◆ INFORMATION SUPPLIED
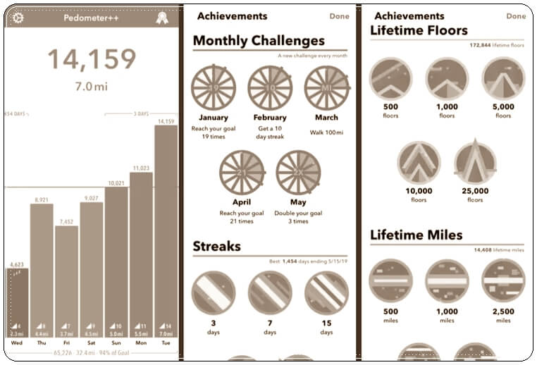 Pedometer++, basit tasarımı seven ancak adım etkinlikleri için biraz daha özelleştirme isteyenler içindir. Haftalık ilerlemenizi, her çubuğun adım hedefinize ulaşmanıza, yetersiz kalmanıza veya onu aşmanıza göre renk kodlu bir çubuk grafikte görebilirsiniz. Ücretsiz AdımSayar uygulaması ayrıca kendi hedeflerinizi belirleyebileceğiniz ve aylık mücadelelere, serilere, yaşam boyu millere ve ödüllere katılabileceğiniz bir Başarılar sekmesi içerir.
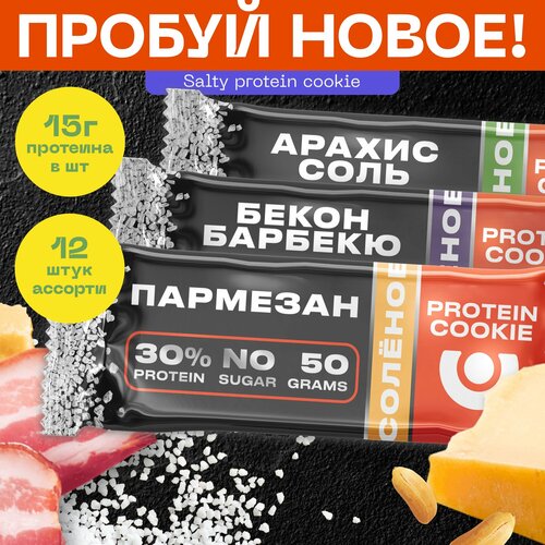 Первое солёное протеиновое печенье 30% белка PUREPROTEIN Мультибокс : Арахис, Бекон, Пармезан 12*50г
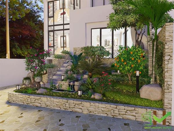 Một vườn hoa nhỏ trước hiên nhà thôi nhưng mang lại bao tiện ích cho gia chủ. Cây xanh được phân cấp theo tầng dạng bậc thang, phía trên là cây cao tạo bóng mát, hàng cây cau sát tường mang lại cảm giác yên ả của đồng quê. Hoa và các cây bụi phân bổ phía dưới tạo lên một quần thể hoàn hảo. Đèn trang trí hiện đại quanh vườn và dọc lối lên nhà sẽ tỏa ánh sáng lung linh khi màn đêm buông xuống tạo lên khung cảnh thật lãng mạn...
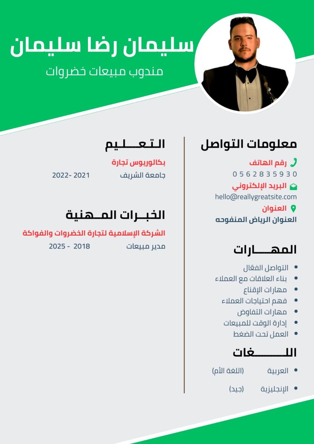 خبرة في مجال التجارة في الفاكه والخضروات خبرة 7 أعوام في المجال العمل لدى شركة الاسلاميه للفاكه والخضروات خبير في الحسابات والتجارة في مجال الفاكهة والخضروات العمر 27 سنة مصري الجنسية
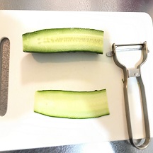 写真は切った短いキュウリを使っていますが、一本そのままの方がきれいに作れます。
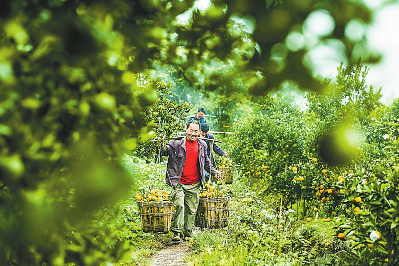 资阳市雁江区碑记镇二十万亩蜜橘量价齐升。图为近日,种植户将采摘的蜜橘挑送到收购点。彭晓秋摄
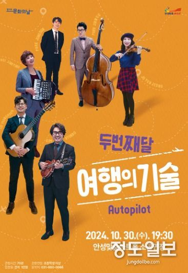 (정도일보) 안성맞춤아트홀은 10월 문화가 있는 날 기획 공연으로 드라마 ‘궁’ OST로 많은 사랑을 받은 밴드 ‘두 번째 달’ 무대를 준비했다. 10월 30일 저녁 7시 30분, 안성맞춤아트홀 소공연장에서 진행되는 이번 무대는 전통 음악 기반의 세련된 음악을 들려주는 ‘두 번째 달’의 연주 무대이다.
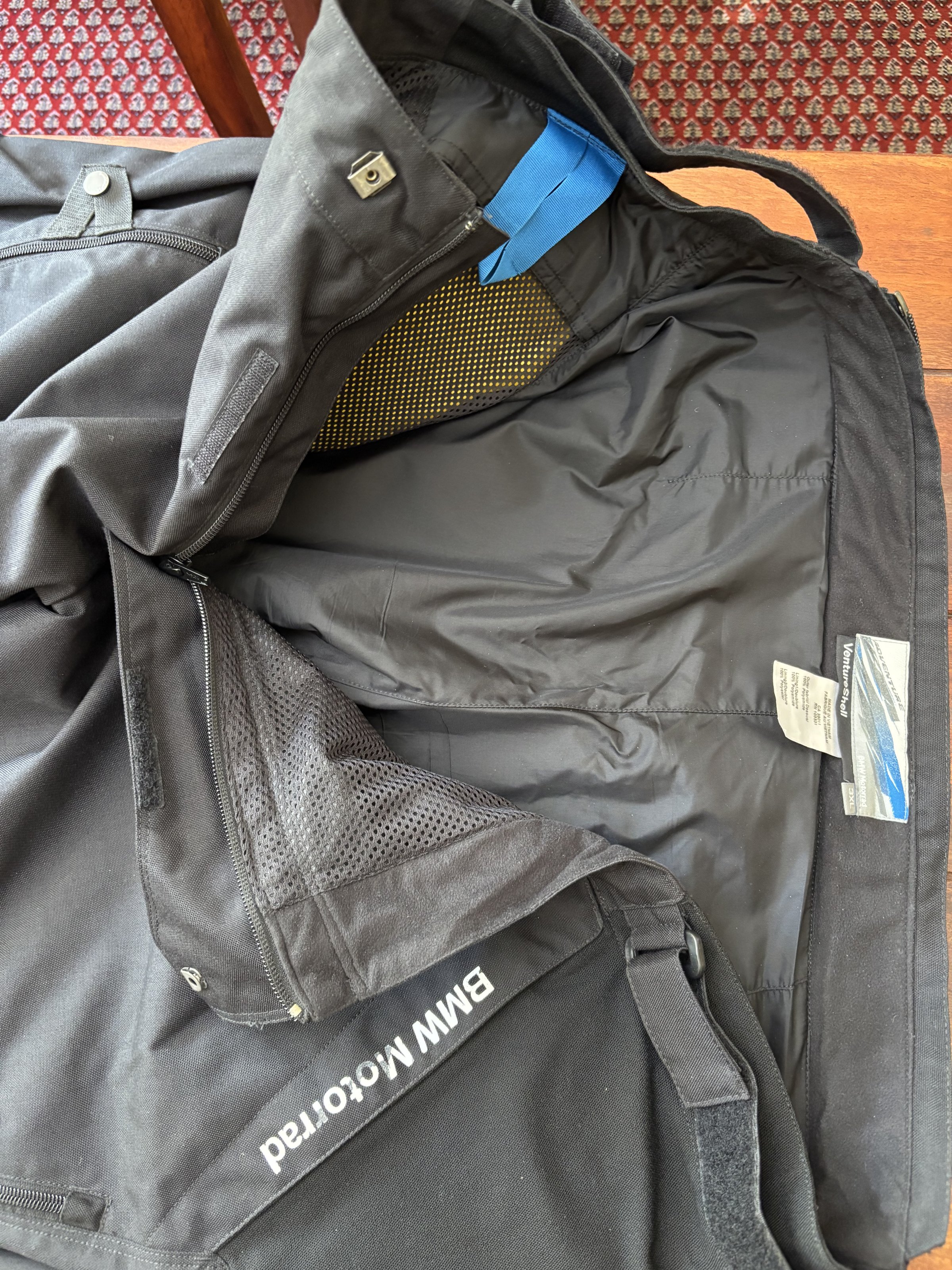 1) 1x BMW Venture Shell, 3XL, gebraucht, Neuwertiger Zustand, keine Risse, Abschürfungen oder Abrieb (siehe Fotos). Lediglich die BMW Schrift über der linken Tasche ist beim Waschen etwas lädiert worden. Hosen sind mit NIKKWAX Spezialwaschmittel gewaschen und dann mit dem adzu passenden Imrägnierer wieder imprägniert worden. Bundweite und Länge siehe Bilder. Preisvorstellung 60 Euro.- plus Versandkosten

◆ WHAT YOU NEED TO DO
Without the pictures, repeat the listing above exactly.

◆ ANSWER SPACE
 Pedometer++, basit tasarımı seven ancak adım etkinlikleri için biraz daha özelleştirme isteyenler içindir. Haftalık ilerlemenizi, her çubuğun adım hedefinize ulaşmanıza, yetersiz kalmanıza veya onu aşmanıza göre renk kodlu bir çubuk grafikte görebilirsiniz. Ücretsiz AdımSayar uygulaması ayrıca kendi hedeflerinizi belirleyebileceğiniz ve aylık mücadelelere, serilere, yaşam boyu millere ve ödüllere katılabileceğiniz bir Başarılar sekmesi içerir.
 Первое солёное протеиновое печенье 30% белка PUREPROTEIN Мультибокс : Арахис, Бекон, Пармезан 12*50г
 Một vườn hoa nhỏ trước hiên nhà thôi nhưng mang lại bao tiện ích cho gia chủ. Cây xanh được phân cấp theo tầng dạng bậc thang, phía trên là cây cao tạo bóng mát, hàng cây cau sát tường mang lại cảm giác yên ả của đồng quê. Hoa và các cây bụi phân bổ phía dưới tạo lên một quần thể hoàn hảo. Đèn trang trí hiện đại quanh vườn và dọc lối lên nhà sẽ tỏa ánh sáng lung linh khi màn đêm buông xuống tạo lên khung cảnh thật lãng mạn...
 خبرة في مجال التجارة في الفاكه والخضروات خبرة 7 أعوام في المجال العمل لدى شركة الاسلاميه للفاكه والخضروات خبير في الحسابات والتجارة في مجال الفاكهة والخضروات العمر 27 سنة مصري الجنسية
 写真は切った短いキュウリを使っていますが、一本そのままの方がきれいに作れます。
 资阳市雁江区碑记镇二十万亩蜜橘量价齐升。图为近日,种植户将采摘的蜜橘挑送到收购点。彭晓秋摄
 (정도일보) 안성맞춤아트홀은 10월 문화가 있는 날 기획 공연으로 드라마 ‘궁’ OST로 많은 사랑을 받은 밴드 ‘두 번째 달’ 무대를 준비했다. 10월 30일 저녁 7시 30분, 안성맞춤아트홀 소공연장에서 진행되는 이번 무대는 전통 음악 기반의 세련된 음악을 들려주는 ‘두 번째 달’의 연주 무대이다.
 1) 1x BMW Venture Shell, 3XL, gebraucht, Neuwertiger Zustand, keine Risse, Abschürfungen oder Abrieb (siehe Fotos). Lediglich die BMW Schrift über der linken Tasche ist beim Waschen etwas lädiert worden. Hosen sind mit NIKKWAX Spezialwaschmittel gewaschen und dann mit dem adzu passenden Imrägnierer wieder imprägniert worden. Bundweite und Länge siehe Bilder. Preisvorstellung 60 Euro.- plus Versandkosten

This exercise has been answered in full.